In my experience water doesn't work for the heavier films.
----- Original Message -----
From: Mark
To: Indoor_Construction_at_yahoogroups.com
Sent: Tuesday, December 16, 2008 3:13 PM
Subject: [Indoor_Construction] Re: Film Patching
--- In Indoor_Construction_at_yahoogroups.com, "Bill Gowen"
<b.gowen_at_...> wrote:
>
> Mark has a good method of doing this. Maybe he can describe it. I
had to get him to show it to me in person to understand all the steps.
Leroy,
There are several methods indoorists have described here.

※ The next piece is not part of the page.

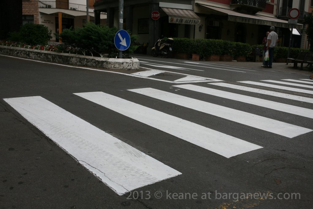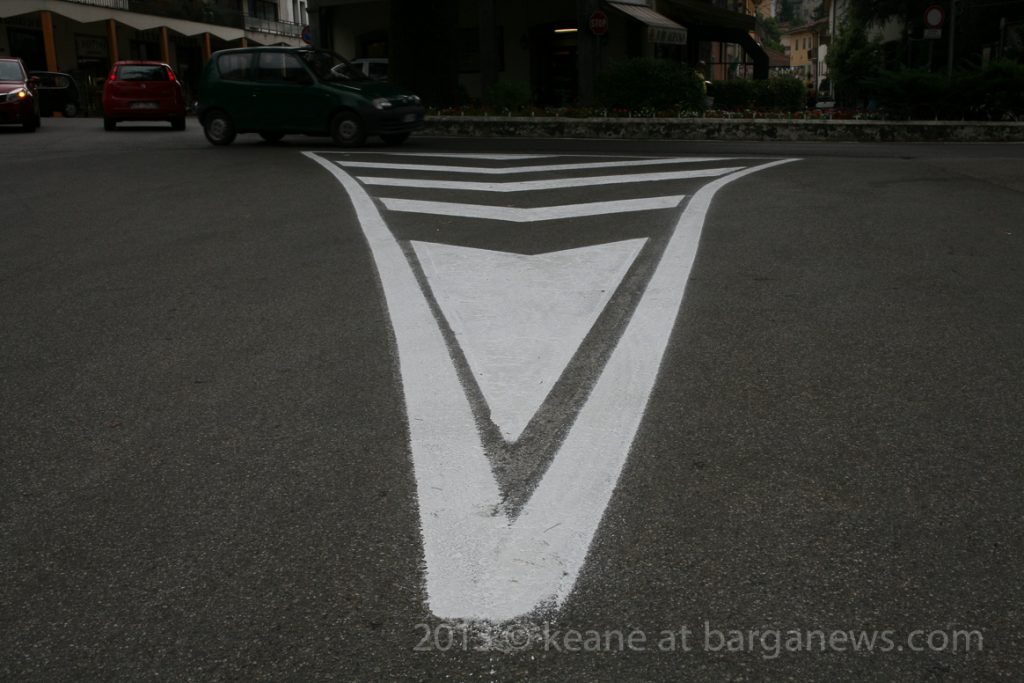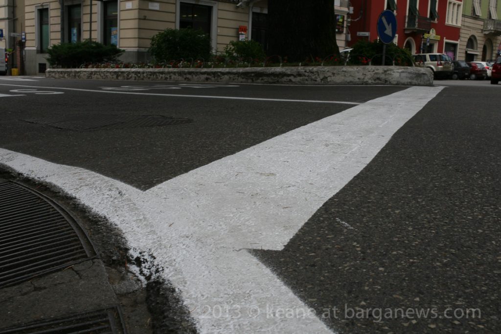 Now it could well be that the extremes of climatic conditions which occur in this area make painted road signs less able to withstand those huge jumps in temperatures and snow ploughs dragging over them during the winter must wear them down but as some commentators in Barga Giardino watching the workmen repainting the stop signs mentioned, we do not have a really huge amount of traffic in this area on our roads, so why do the signs have to be repainted almost every year?

You'll
have 1/2 hr. of reading if you do a group box search using "patching"
search term (accessed from the website messages page.) I'll try to
find my most recent article about it. It's unnecessarily tedious for
beauty effect, but that seems to be what you are after. Basically,
it involves getting the film stuck to a piece of very supple tissue,
with as few wrinkles in the film as possible. Water is usually the
only needed adhesive, both for sticking to tissue and sticking to
structure to be patched. If the surface to be patched is either non-
flat (ie a wing camber) or large (more than 1/2 inch hole) I also
support the "shape" underneath the structure with something such as
with a small pillow that matches camber.